Surveillance video also showed a man resembling Walshe throwing what appeared to be heavy trash bags into a dumpster not far from the couple’s home. A subsequent search of a trash processing facility near his mother’s home uncovered bags containing a hatchet, hammer, sheers, hacksaw, towels and a protective Tyvek suit, cleaning agents, a Prada purse, boots like the ones Ana Walshe was last seen wearing and a COVID-19 vaccination card with her name.
Prosecutors told the jury that the Massachusetts State Crime Laboratory examined some of the items for DNA and found Ana and Brian Walshe’s DNA on the Tyvek suit and Ana Walshe’s DNA on the hatchet, hacksaw and other items.
There were several possible motives for the killing that were floated by prosecutors.
It could have been financial. An insurance executive testified that Brian Walshe was the sole beneficiary of Ana Walshe’s $1 million life insurance policy. But prosecutors also portrayed a marriage that was falling apart, with Brian Walshe confined at home in Massachusetts awaiting sentencing on an art fraud case while Ana Walshe worked in Washington, D.C., and commuted back home.
The year before she died, his wife had started an affair, details of which were shared in court by her boyfriend William Fastow. Brian Walshe’s attorney denied that his client knew about the affair.
In his opening, Walshe’s attorney, Larry Tipton, argued this was not a case of murder but what he called the “sudden unexplained death” of Ana Walshe. He portrayed a couple who loved each other and were planning for the future.
The couple, who have three young children now in state custody, lived in the affluent coastal community of Cohasset, about 15 miles (24 kilometers) southeast of Boston.
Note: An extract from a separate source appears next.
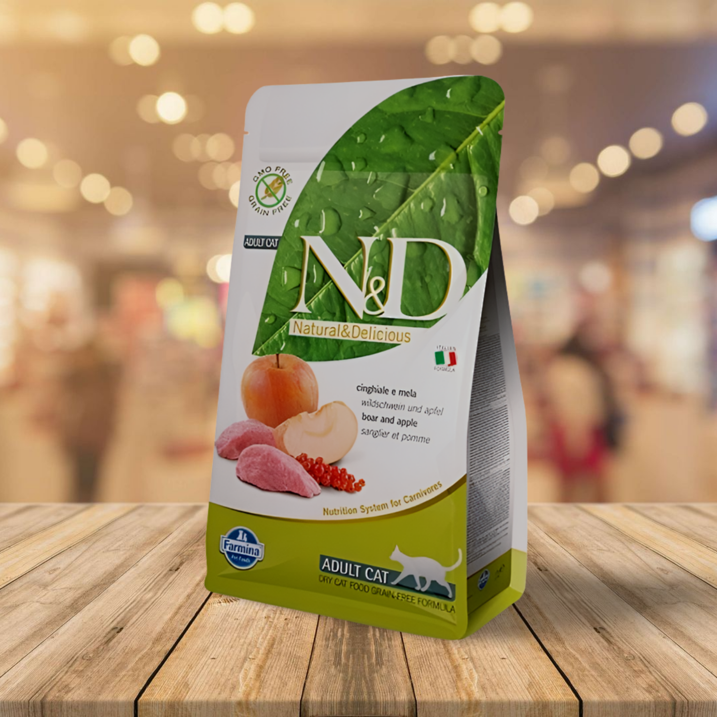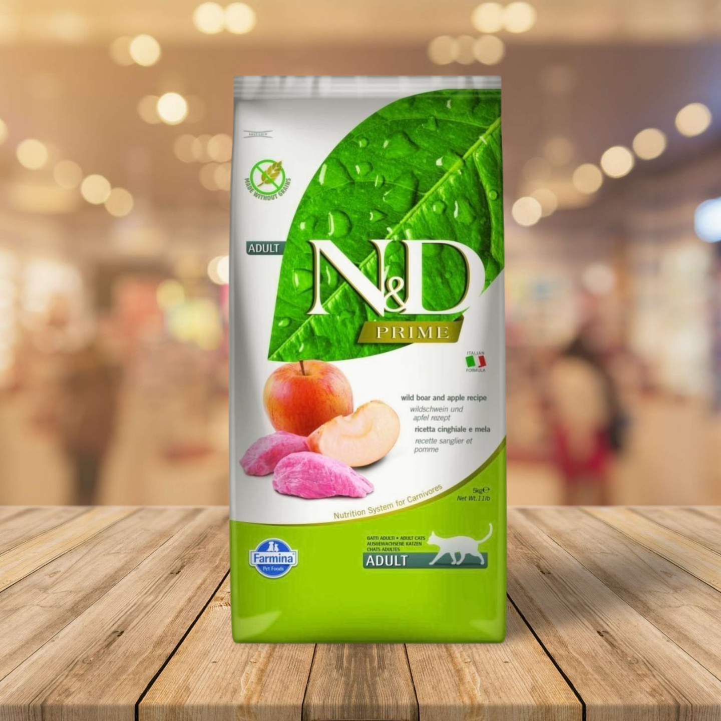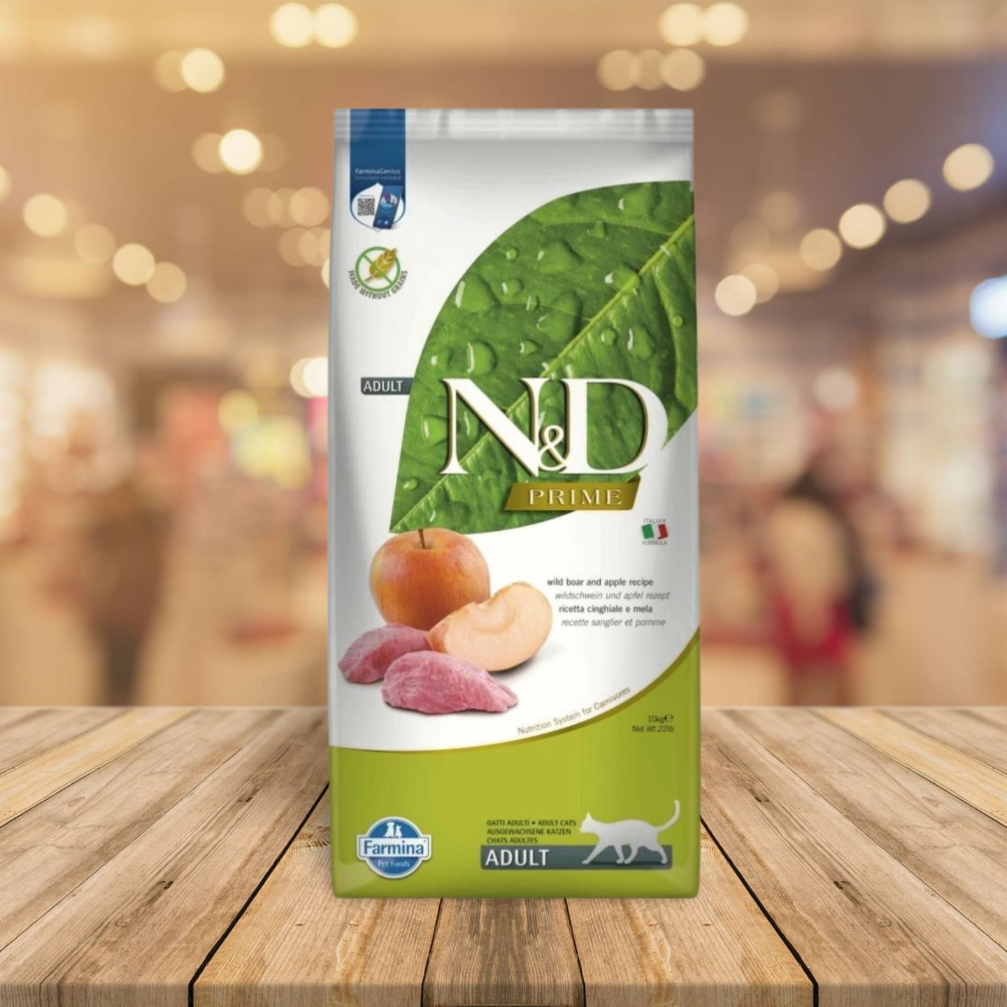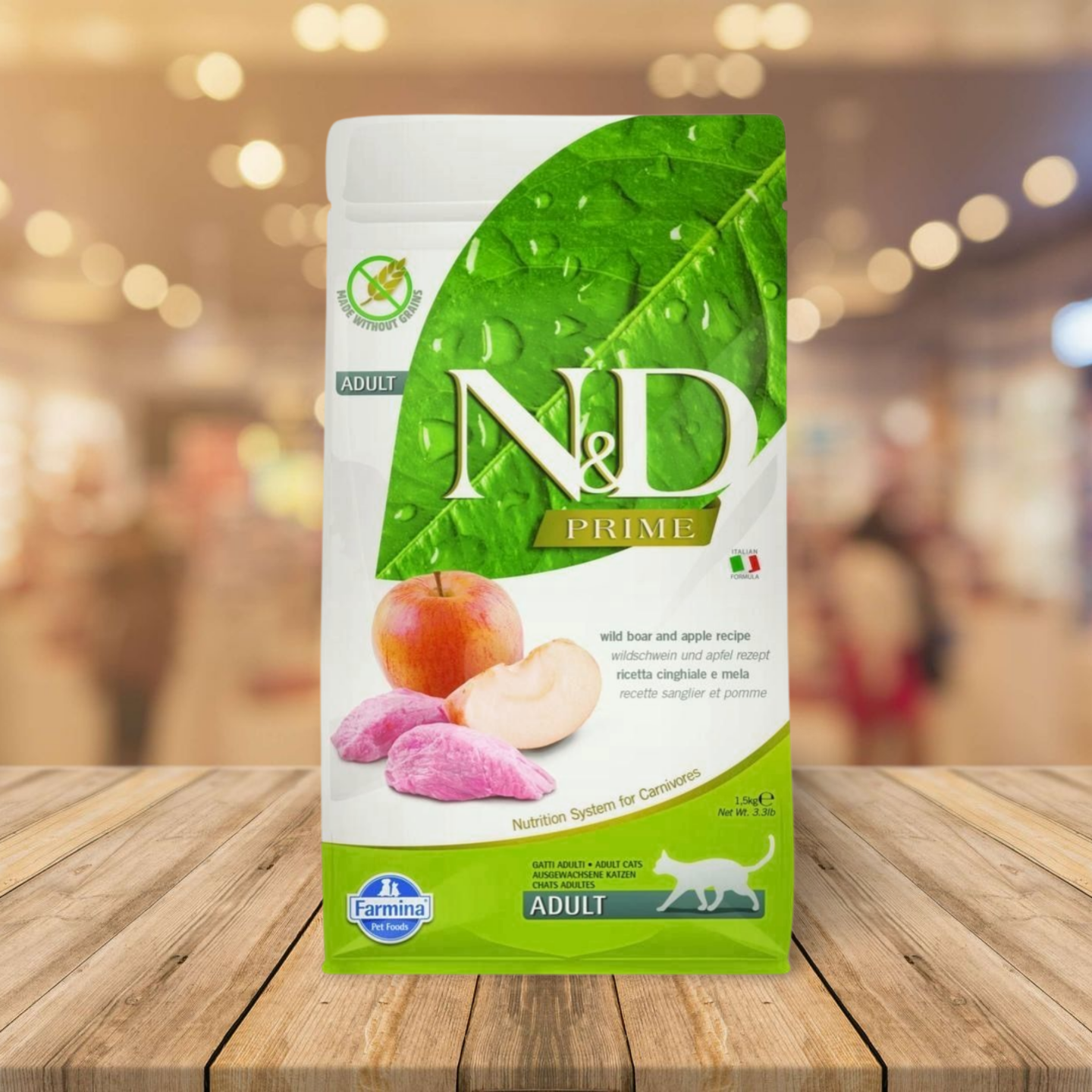 De N&D Prime Wild Boar & Apple is een hoogwaardige, graanvrije voeding die speciaal is afgestemd op de natuurlijke carnivore behoeften van katten. Dit recept bevat een hoog aandeel dierlijke eiwitten – maar liefst 98% van dierlijke oorsprong – en levert zo de perfecte ondersteuning voor spieropbouw, vitaliteit en gezondheid. Met een uitgebalanceerde mix van 70% dierlijke ingrediënten en 30% groenten, fruit, vitaminen en mineralen biedt dit voer een gezonde en smakelijke maaltijd voor jouw kat.

But Walshe’s defense never called a witness and Brian Walshe declined to testify.
When initially questioned by investigators, Walshe said his wife had been called to Washington, D.C., on New Year’s Day for a work emergency. But witnesses testified there was no evidence Ana Walshe took a ride service to the airport or boarded a flight. Walshe didn’t contact her employer until Jan. 4.
Walshe later admitted that he dismembered her body and disposed of it in dumpster, saying he did so only after panicking when he found his wife had died in bed.